All entries are to be given again verbatim.

Saved entries
========================================================================

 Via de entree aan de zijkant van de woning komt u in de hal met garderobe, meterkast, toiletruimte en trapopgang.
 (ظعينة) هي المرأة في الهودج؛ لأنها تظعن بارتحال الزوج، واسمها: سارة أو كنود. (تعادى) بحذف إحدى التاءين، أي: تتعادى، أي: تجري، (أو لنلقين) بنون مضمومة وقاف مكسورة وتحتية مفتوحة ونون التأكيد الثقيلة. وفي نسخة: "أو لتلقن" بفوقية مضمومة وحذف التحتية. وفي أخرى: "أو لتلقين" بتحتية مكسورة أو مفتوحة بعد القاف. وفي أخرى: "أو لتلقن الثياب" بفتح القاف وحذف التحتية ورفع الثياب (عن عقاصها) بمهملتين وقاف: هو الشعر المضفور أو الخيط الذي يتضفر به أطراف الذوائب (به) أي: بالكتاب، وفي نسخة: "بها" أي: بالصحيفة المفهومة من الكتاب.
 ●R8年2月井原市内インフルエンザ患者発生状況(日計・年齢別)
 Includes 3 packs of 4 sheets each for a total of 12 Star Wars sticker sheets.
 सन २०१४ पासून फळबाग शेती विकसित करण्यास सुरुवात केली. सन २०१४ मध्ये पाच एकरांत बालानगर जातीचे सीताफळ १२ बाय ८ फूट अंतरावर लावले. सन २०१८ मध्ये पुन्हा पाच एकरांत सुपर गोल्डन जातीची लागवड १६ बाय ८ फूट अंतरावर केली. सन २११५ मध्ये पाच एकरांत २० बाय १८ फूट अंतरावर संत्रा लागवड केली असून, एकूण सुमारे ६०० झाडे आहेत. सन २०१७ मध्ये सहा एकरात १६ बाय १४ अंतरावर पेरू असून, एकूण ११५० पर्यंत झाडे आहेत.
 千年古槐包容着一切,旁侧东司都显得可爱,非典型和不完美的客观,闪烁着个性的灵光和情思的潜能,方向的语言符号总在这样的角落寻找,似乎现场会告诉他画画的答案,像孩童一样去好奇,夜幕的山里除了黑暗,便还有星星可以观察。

========================================================================

REPLY:
 Via de entree aan de zijkant van de woning komt u in de hal met garderobe, meterkast, toiletruimte en trapopgang.
 (ظعينة) هي المرأة في الهودج؛ لأنها تظعن بارتحال الزوج، واسمها: سارة أو كنود. (تعادى) بحذف إحدى التاءين، أي: تتعادى، أي: تجري، (أو لنلقين) بنون مضمومة وقاف مكسورة وتحتية مفتوحة ونون التأكيد الثقيلة. وفي نسخة: "أو لتلقن" بفوقية مضمومة وحذف التحتية. وفي أخرى: "أو لتلقين" بتحتية مكسورة أو مفتوحة بعد القاف. وفي أخرى: "أو لتلقن الثياب" بفتح القاف وحذف التحتية ورفع الثياب (عن عقاصها) بمهملتين وقاف: هو الشعر المضفور أو الخيط الذي يتضفر به أطراف الذوائب (به) أي: بالكتاب، وفي نسخة: "بها" أي: بالصحيفة المفهومة من الكتاب.
 ●R8年2月井原市内インフルエンザ患者発生状況(日計・年齢別)
 Includes 3 packs of 4 sheets each for a total of 12 Star Wars sticker sheets.
 सन २०१४ पासून फळबाग शेती विकसित करण्यास सुरुवात केली. सन २०१४ मध्ये पाच एकरांत बालानगर जातीचे सीताफळ १२ बाय ८ फूट अंतरावर लावले. सन २०१८ मध्ये पुन्हा पाच एकरांत सुपर गोल्डन जातीची लागवड १६ बाय ८ फूट अंतरावर केली. सन २११५ मध्ये पाच एकरांत २० बाय १८ फूट अंतरावर संत्रा लागवड केली असून, एकूण सुमारे ६०० झाडे आहेत. सन २०१७ मध्ये सहा एकरात १६ बाय १४ अंतरावर पेरू असून, एकूण ११५० पर्यंत झाडे आहेत.
 千年古槐包容着一切,旁侧东司都显得可爱,非典型和不完美的客观,闪烁着个性的灵光和情思的潜能,方向的语言符号总在这样的角落寻找,似乎现场会告诉他画画的答案,像孩童一样去好奇,夜幕的山里除了黑暗,便还有星星可以观察。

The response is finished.